Dopo la tanto attesa intervista del leader di Italia Viva nel salotto televisivo di Porta a Porta, il Governo sembra per ora al riparo da scenari di crisi imminente, per quanto il combinato disposto tra i nuovi ultimatum sulla prescrizione (“se Bonafede non cambierà entro Pasqua la sua riforma, verrà sfiduciato”) e le sfide lanciate su riforme istituzionali ed economia (“Conte abolisca il reddito di cittadinanza e destini i soldi al taglio delle tasse sulle imprese”) lasci immaginare che il logoramento avviato da Renzi nei confronti degli alleati-avversari sia destinato a continuare.
A prescindere dall’eventuale chiarimento dei rapporti tra renziani da un lato e Partito Democratico, Movimento 5 Stelle e Liberi e Uguali dall’altro, il quadro nazionale e internazionale in cui i si trova a operare il Conte II risulta alquanto complesso, e le prospettive non sembrano essere rosee. Solo per citare due tra i numeri arrivati nei giorni scorsi, la crescita del Pil italiano nel 2020 è stata stimata allo 0,3% dalla Commissione Ue, e il livello del debito pubblico alla fine del 2019 ha superato, nelle stime fornite da Banca d’Italia, la quota di 2.400 miliardi di euro, in crescita di oltre 28 miliardi rispetto all’anno precedente. In termini più chiari, il rischio che il Paese finisca in stagnazione o recessione è concreto, e ancora non sono chiari gli effetti che la diffusione del coronavirus e le perduranti difficoltà del mercato automotive tedesco avranno nei prossimi mesi su settori cruciali per le nostre attività produttive.
Di fronte a uno scenario di questo tipo, e alle sfide che nell’immediato l’Italia sarà chiamata a giocare sul palcoscenico europeo (su tutte, le trattative sul Bilancio Ue 2021-2027 e l’avvio dei negoziati con il Regno Unito sul post Brexit), risulta indispensabile che l’Esecutivo e la maggioranza che lo sostiene cambino marcia ed escano dalle sabbie mobili in cui si trovano ormai invischiati, tra vertici notturni e polemiche a intermittenza.

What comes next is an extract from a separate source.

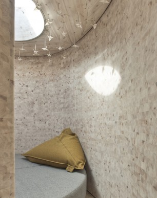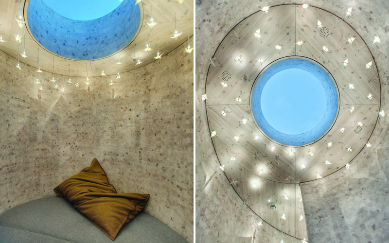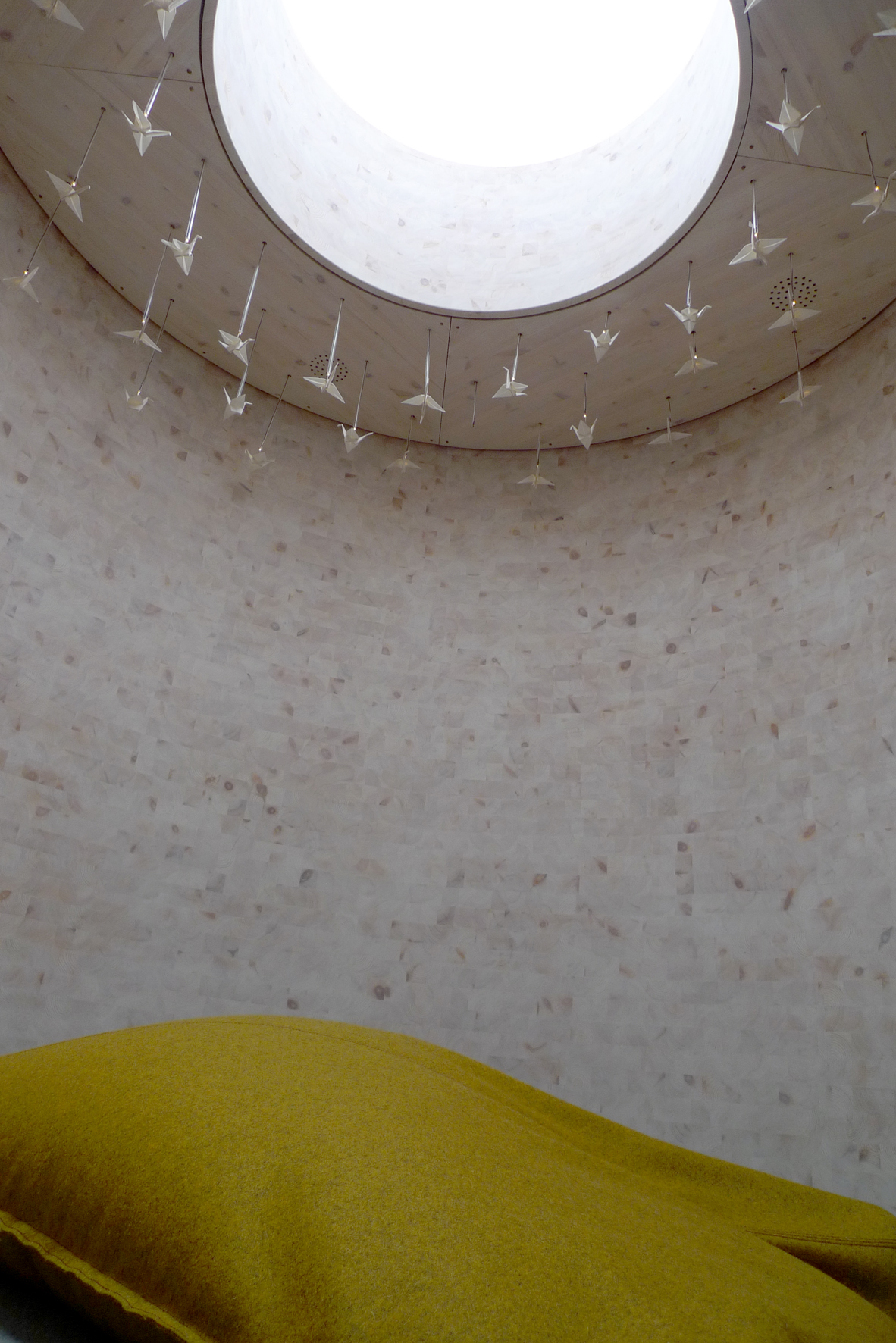 During the design process we seeked back to some of the “original” instruments that affect us; the light, the sky and natural materials. The pavilion is shaped like a spiral with an inner circular space. The shape encloses you and gives you control over the environment. A mattress fills the circular space; a flexible piece of furniture, which, together with a large pillow, provides the user freedom in use of FRIrom. The experience of FRIrom varies throughout the day and year. During the day the centered skylight gives focus to the sky and the light that is constantly changing. When darkness comes, the lit origami ceiling becomes more visible and you get a feeling that the room height is lowered. Origami is an ancient Japanese art form associated with happiness and hope. Children, relatives and collaborators have folded the cranes as a symbol of planting a hope in FRIrom.

Per avere una prova dell’attendibilità di questa affermazione, è sufficiente osservare l’andamento dei lavori parlamentari delle ultime settimane: nelle Aule di Camera e Senato la parte del leone l’hanno fatta gli iter di conversione di Decreti Legge (talvolta consumati a colpi di voti di fiducia, come nel caso del DL Milleproroghe), mentre le Commissioni di Montecitorio e Palazzo Madama sono state per la maggior parte del tempo impegnate in cicli di audizioni, talvolta nemmeno propedeutici alla discussione di Disegni di Legge.
A distanza di quasi un mese dalle elezioni in Emilia-Romagna e Calabria, si sono tenuti a Palazzo Chigi i tavoli per la definizione dell’Agenda 2023 con cui il Presidente del Consiglio intende dare al proprio Governo un orizzonte di Legislatura. Lo stesso Conte ha annunciato di aver raccolto numerosi spunti di interesse, sulla cui base tra qualche giorno annuncerà un piano di ripartenza per il Paese, da egli definito “cura da cavallo”. L’auspicio è che, da qui in avanti, il confronto politico all’interno della maggioranza e tra essa e le opposizioni si svolga su argomenti che per la vita dei cittadini abbiano un peso superiore (con rispetto parlando) a quello dell’elezione diretta del Presidente del Consiglio, delle intercettazioni telefoniche, del blocco della prescrizione o del destino di reddito di cittadinanza e ‘Quota 100’ sulle pensioni.
Se invece dovessero perdurare le attuali indecisioni, dopo la celebrazione del referendum costituzionale sul taglio dei parlamentari (in programma per il prossimo 29 marzo) e l’approvazione delle conseguenti modifiche alla legge elettorale l’opzione migliore sarebbe ridare il prima possibile la parola agli elettori. Senza usare giri di parole, dopo circa due anni dalle Politiche del 4 marzo 2018 è tempo che Parlamento e Governo inizino a operare al massimo delle rispettive capacità, e che i leader agiscano una volta per tutte di conseguenza, anche prendendo atto di non essere in grado di garantire stabilità al sistema.